The 161 carried both cannon and machine gun armament. Type 77 60° V-12 Hispano-Suiza engines, including the 12 Ycrs model, had an integrated Hispano-Suiza HS.404 20 mm cannon between the cylinder banks, firing through the hollow propeller shaft, which was raised above the crankshaft by reduction gearing. The two 7.5 mm machine guns were wing mounted outside the propeller arc.

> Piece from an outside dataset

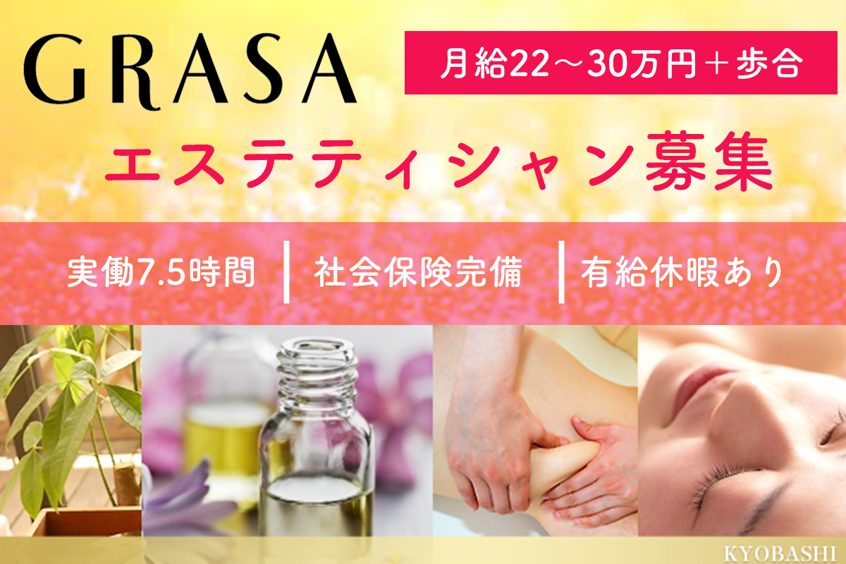 【京橋駅】≪未経験OK≫≪経験者前職給与保証≫≪完全週休2日制≫≪有給取得100%≫≪社会保険完備≫≪産休育休取得実績あり≫マザーズ手当やスキンケア支給制度の嬉しい制度がたくさん!全国展開している人気

Three prototypes were built and flown; the first, the Nieuport 160/1, crashed in September 1936, delaying the flight programme until the flight of the second prototype, the S.N.CA.O 161, on 15 October 1937. In April 1938 this aircraft was also lost, though by then the third prototype, definitively named Loire-Nieuport 161, had been flying for a month. Development was terminated because the competing Morane-Saulnier MS.405 had been preferred and given a pre-production order in March 1937, leaving the fourth prototype 161 uncompleted.